__REQUIREMENT__
Copy nothing but the lines below, from the one with "堀内ヴィレッジは、ちょうど「" through the one with "В рыбе много", exactly as written; no pictures should appear.

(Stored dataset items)
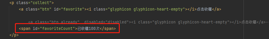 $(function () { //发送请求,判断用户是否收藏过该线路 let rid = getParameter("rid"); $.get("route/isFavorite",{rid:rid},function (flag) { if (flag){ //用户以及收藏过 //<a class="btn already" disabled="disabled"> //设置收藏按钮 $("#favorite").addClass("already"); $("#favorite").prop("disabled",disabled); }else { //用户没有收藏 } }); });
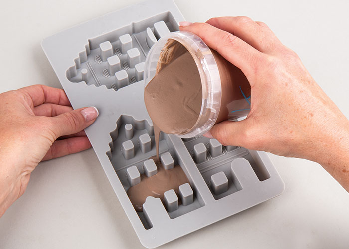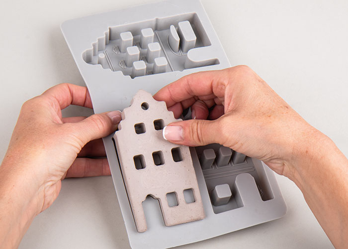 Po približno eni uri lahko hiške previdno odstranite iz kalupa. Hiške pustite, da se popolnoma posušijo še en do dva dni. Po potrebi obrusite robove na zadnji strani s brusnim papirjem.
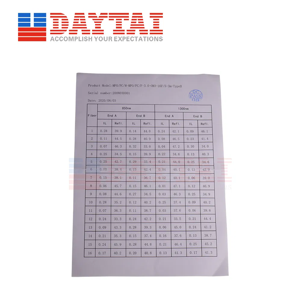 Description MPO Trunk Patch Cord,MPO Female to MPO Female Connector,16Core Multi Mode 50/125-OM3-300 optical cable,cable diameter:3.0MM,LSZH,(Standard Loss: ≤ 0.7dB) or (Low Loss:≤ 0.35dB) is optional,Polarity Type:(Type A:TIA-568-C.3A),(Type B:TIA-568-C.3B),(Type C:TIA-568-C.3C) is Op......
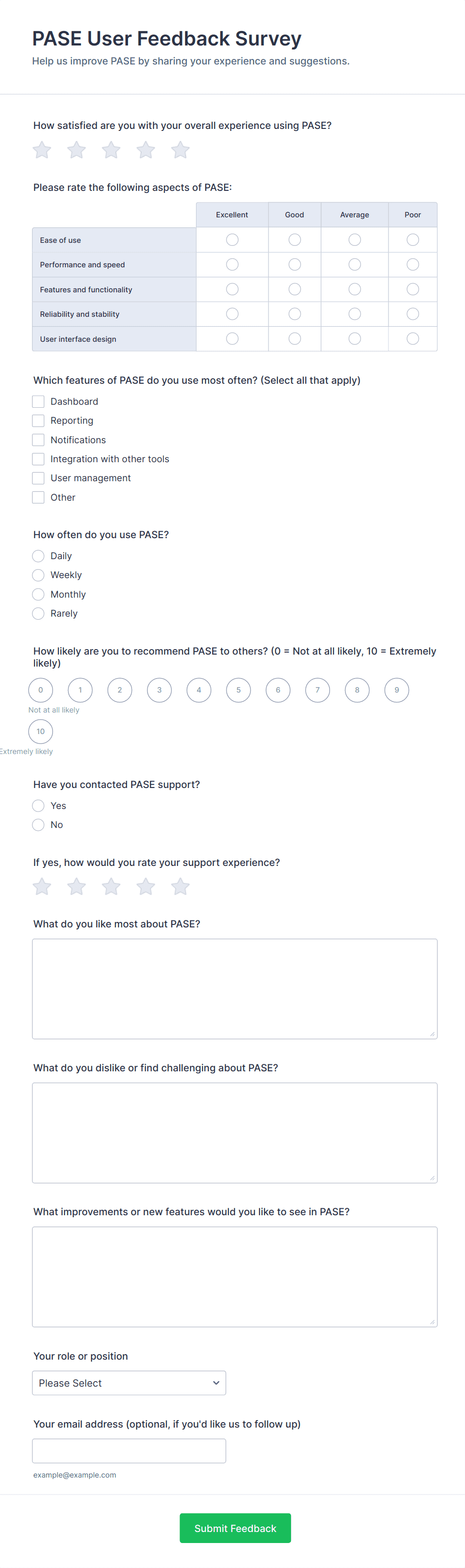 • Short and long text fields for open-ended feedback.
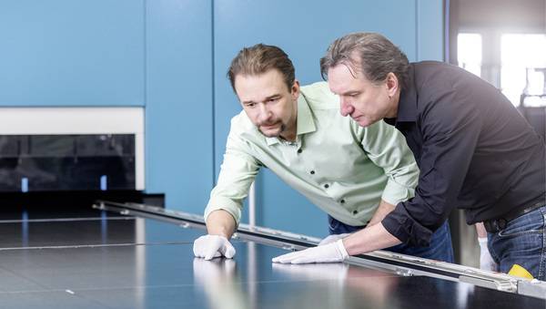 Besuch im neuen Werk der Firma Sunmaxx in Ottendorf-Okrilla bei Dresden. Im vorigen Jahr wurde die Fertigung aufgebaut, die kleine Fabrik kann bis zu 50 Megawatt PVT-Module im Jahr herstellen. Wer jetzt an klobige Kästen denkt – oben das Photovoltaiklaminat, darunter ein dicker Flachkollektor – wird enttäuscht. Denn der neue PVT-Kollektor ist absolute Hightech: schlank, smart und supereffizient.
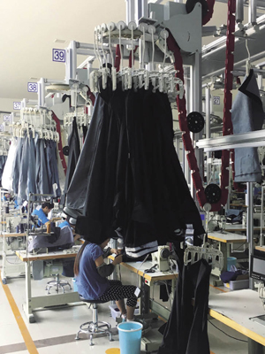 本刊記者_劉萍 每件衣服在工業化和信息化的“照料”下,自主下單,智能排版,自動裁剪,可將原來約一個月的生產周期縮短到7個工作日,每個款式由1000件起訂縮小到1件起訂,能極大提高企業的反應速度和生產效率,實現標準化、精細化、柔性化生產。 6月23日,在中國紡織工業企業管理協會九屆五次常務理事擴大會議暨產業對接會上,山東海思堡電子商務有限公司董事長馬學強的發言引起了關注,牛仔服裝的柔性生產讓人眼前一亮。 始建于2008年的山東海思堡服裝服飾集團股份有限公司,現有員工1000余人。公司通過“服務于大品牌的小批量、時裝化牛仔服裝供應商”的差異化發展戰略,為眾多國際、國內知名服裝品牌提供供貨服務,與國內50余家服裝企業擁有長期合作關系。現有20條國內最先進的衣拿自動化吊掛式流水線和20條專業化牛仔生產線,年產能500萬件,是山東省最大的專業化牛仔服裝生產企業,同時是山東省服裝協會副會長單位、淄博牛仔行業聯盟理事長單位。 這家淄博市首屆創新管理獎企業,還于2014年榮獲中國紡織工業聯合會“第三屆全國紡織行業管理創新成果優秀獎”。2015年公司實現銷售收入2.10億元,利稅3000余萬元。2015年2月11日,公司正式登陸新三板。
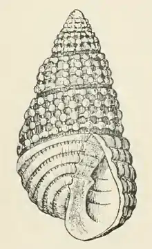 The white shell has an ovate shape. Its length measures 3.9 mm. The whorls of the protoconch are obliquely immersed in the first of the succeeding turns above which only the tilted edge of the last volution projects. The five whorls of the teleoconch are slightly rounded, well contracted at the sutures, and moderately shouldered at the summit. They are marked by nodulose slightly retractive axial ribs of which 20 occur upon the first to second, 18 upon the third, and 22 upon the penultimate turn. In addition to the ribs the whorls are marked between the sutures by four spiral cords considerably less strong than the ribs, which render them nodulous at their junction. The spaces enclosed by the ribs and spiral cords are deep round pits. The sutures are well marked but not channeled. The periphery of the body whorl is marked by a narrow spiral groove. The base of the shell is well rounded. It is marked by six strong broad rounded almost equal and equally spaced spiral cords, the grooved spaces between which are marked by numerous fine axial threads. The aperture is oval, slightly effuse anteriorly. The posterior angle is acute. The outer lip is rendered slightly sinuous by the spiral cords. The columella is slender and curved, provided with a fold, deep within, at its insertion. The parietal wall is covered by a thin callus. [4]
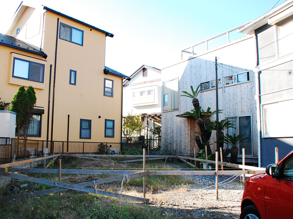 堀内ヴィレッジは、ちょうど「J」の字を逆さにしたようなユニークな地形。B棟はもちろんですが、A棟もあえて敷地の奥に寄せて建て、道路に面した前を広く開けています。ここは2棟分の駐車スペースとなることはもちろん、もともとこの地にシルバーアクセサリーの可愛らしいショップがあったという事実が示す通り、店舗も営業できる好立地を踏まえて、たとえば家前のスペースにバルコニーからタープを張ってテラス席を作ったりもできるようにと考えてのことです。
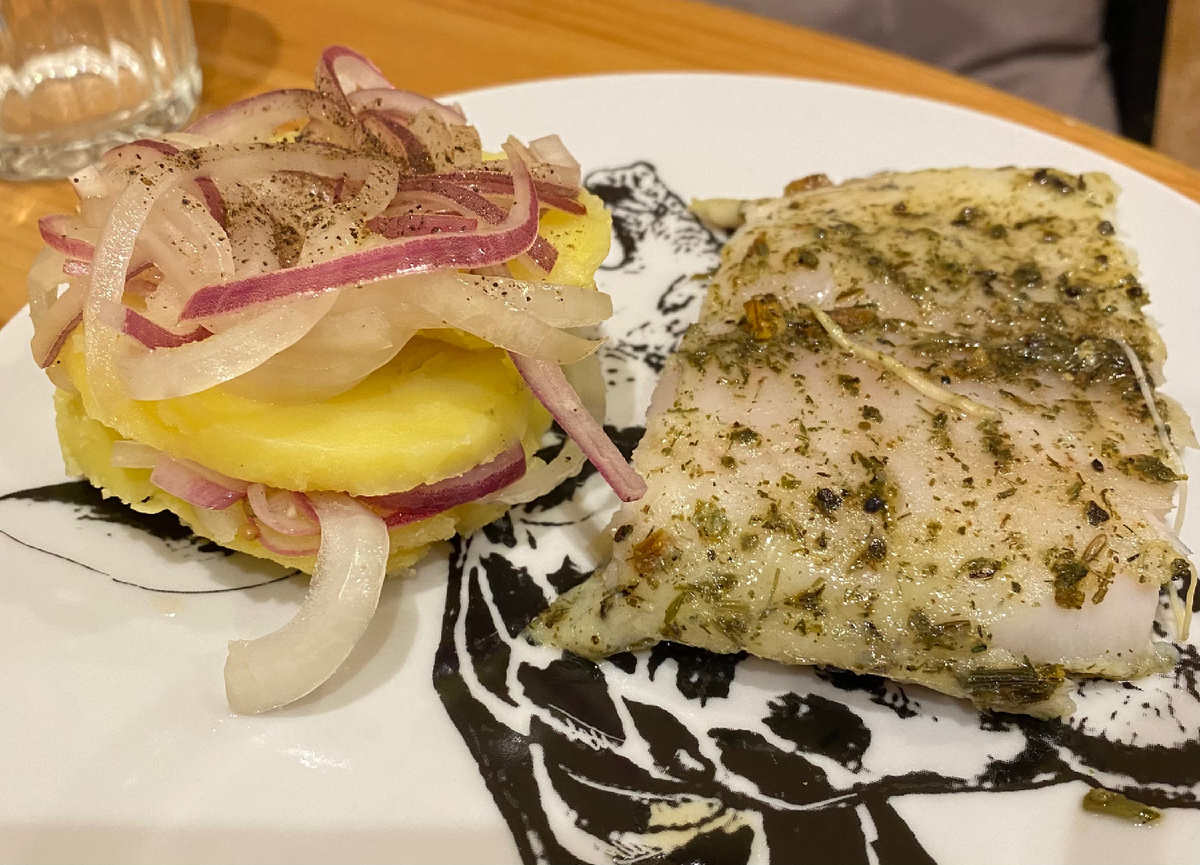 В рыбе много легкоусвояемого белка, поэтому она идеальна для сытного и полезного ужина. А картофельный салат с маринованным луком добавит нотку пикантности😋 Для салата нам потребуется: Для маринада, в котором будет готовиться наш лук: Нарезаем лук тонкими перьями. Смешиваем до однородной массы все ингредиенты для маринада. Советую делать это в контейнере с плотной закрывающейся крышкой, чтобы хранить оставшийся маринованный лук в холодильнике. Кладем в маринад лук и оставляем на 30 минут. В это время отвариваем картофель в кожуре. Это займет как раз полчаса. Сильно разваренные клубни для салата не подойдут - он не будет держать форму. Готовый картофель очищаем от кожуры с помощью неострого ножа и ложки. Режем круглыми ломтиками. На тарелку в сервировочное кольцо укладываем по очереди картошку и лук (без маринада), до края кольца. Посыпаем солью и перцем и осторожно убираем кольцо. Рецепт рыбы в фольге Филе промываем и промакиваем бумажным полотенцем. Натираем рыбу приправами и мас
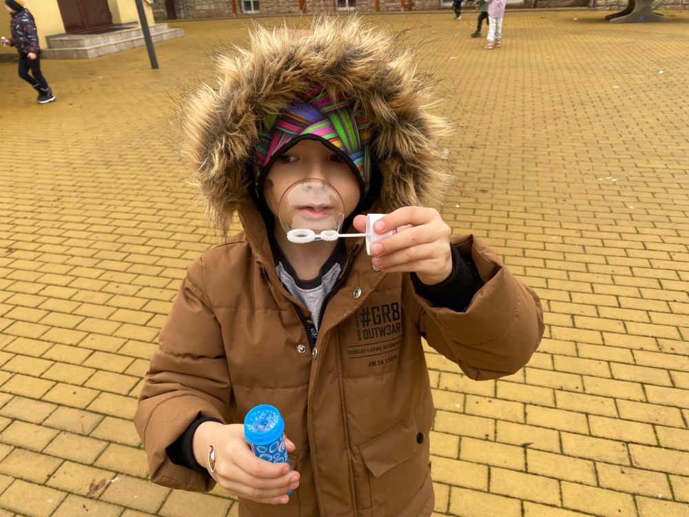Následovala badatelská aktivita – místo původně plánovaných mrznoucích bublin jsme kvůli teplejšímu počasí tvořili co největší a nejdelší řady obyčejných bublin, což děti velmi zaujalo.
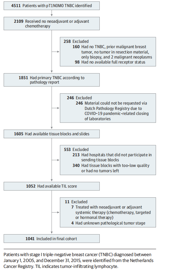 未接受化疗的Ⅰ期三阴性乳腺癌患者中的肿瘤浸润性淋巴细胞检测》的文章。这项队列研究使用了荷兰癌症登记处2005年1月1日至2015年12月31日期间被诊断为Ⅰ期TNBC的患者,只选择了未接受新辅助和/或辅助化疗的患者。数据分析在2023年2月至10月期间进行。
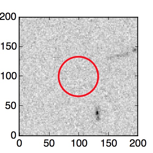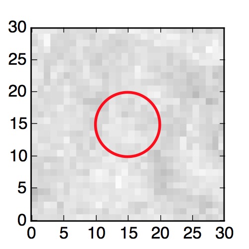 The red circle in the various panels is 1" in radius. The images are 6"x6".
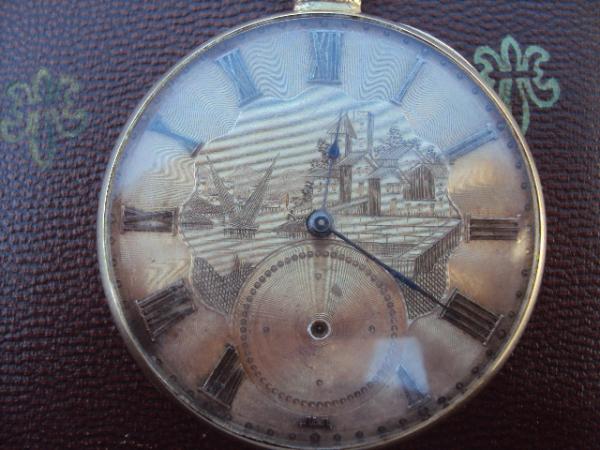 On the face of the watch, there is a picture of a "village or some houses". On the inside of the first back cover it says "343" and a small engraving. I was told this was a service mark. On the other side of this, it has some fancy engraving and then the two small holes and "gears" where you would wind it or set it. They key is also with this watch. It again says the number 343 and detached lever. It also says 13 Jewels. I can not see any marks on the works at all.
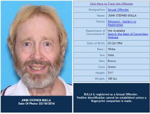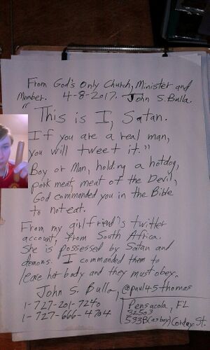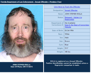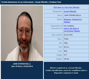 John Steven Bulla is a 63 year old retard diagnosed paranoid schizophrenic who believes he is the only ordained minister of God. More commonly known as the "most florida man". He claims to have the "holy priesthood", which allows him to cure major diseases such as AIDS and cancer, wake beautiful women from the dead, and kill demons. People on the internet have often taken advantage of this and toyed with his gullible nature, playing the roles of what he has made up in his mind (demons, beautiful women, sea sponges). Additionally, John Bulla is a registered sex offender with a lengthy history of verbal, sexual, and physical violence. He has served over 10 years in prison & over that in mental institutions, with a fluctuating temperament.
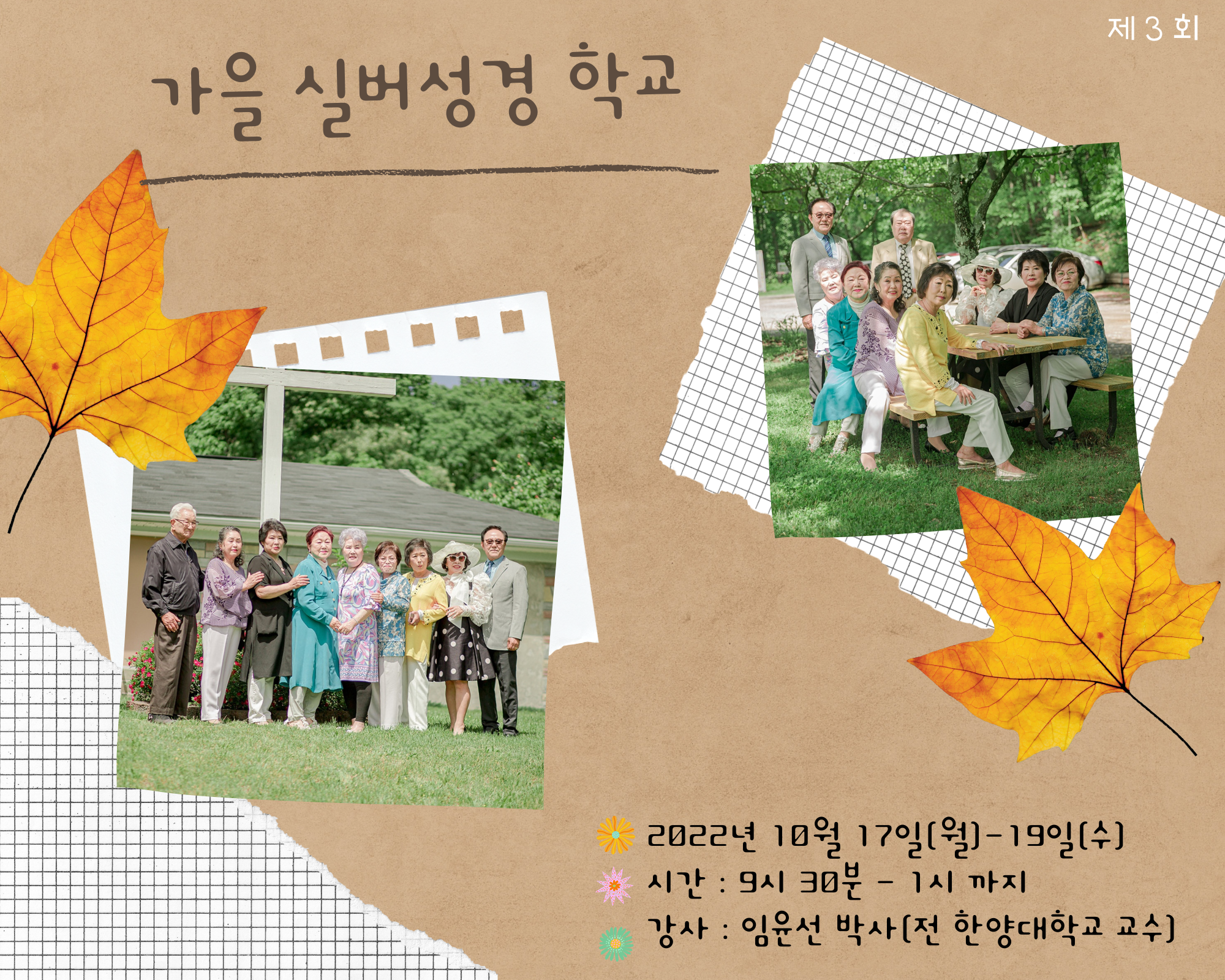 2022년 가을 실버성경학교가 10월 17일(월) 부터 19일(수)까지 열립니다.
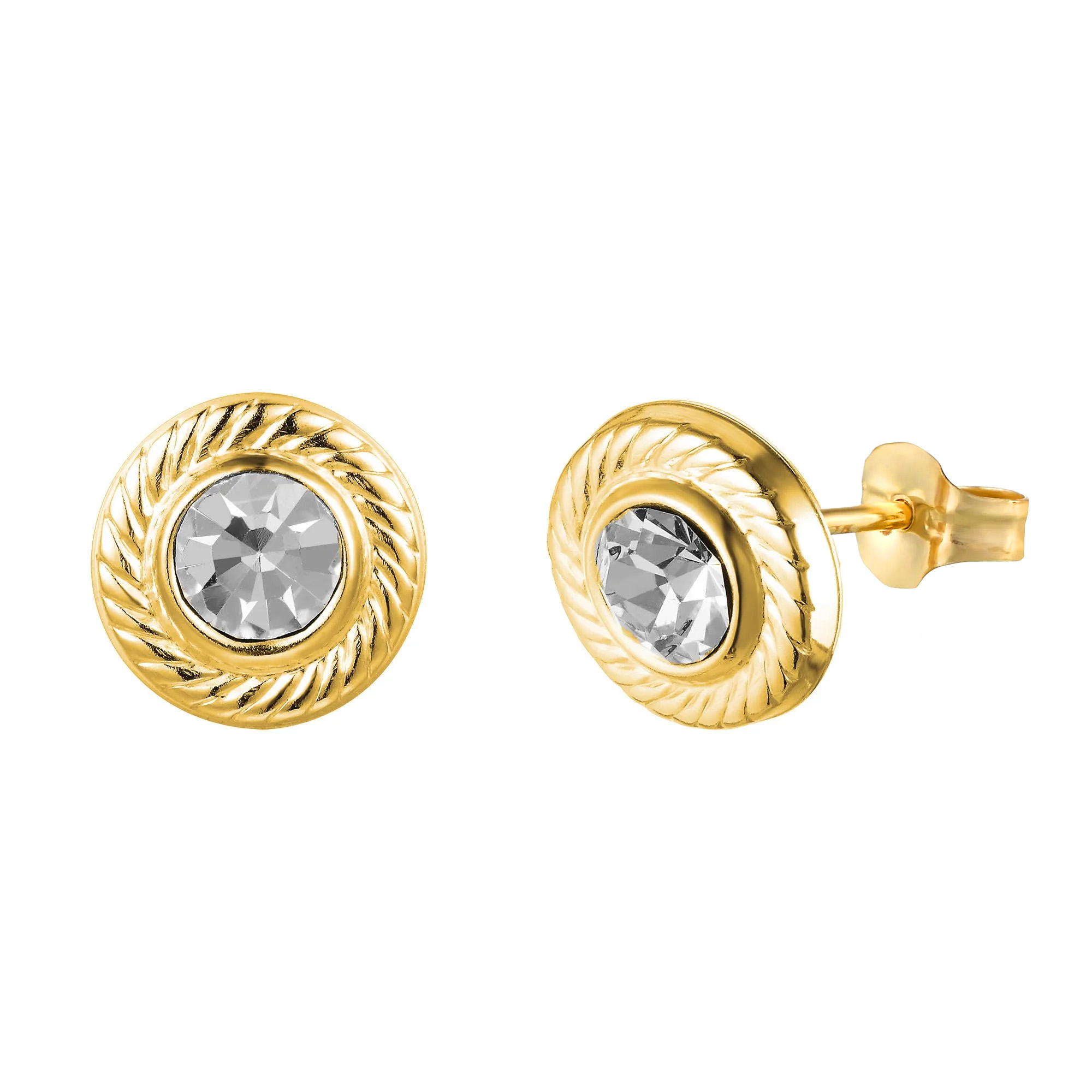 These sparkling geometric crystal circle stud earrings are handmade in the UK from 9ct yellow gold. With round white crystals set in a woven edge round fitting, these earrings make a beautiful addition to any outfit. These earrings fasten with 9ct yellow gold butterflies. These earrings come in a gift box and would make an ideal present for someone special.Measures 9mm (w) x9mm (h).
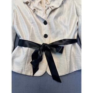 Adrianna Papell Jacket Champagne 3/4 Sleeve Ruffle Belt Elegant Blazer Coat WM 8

__OUTPUT OF THE EXERCISE__
 堀内ヴィレッジは、ちょうど「J」の字を逆さにしたようなユニークな地形。B棟はもちろんですが、A棟もあえて敷地の奥に寄せて建て、道路に面した前を広く開けています。ここは2棟分の駐車スペースとなることはもちろん、もともとこの地にシルバーアクセサリーの可愛らしいショップがあったという事実が示す通り、店舗も営業できる好立地を踏まえて、たとえば家前のスペースにバルコニーからタープを張ってテラス席を作ったりもできるようにと考えてのことです。
 В рыбе много легкоусвояемого белка, поэтому она идеальна для сытного и полезного ужина. А картофельный салат с маринованным луком добавит нотку пикантности😋 Для салата нам потребуется: Для маринада, в котором будет готовиться наш лук: Нарезаем лук тонкими перьями. Смешиваем до однородной массы все ингредиенты для маринада. Советую делать это в контейнере с плотной закрывающейся крышкой, чтобы хранить оставшийся маринованный лук в холодильнике. Кладем в маринад лук и оставляем на 30 минут. В это время отвариваем картофель в кожуре. Это займет как раз полчаса. Сильно разваренные клубни для салата не подойдут - он не будет держать форму. Готовый картофель очищаем от кожуры с помощью неострого ножа и ложки. Режем круглыми ломтиками. На тарелку в сервировочное кольцо укладываем по очереди картошку и лук (без маринада), до края кольца. Посыпаем солью и перцем и осторожно убираем кольцо. Рецепт рыбы в фольге Филе промываем и промакиваем бумажным полотенцем. Натираем рыбу приправами и мас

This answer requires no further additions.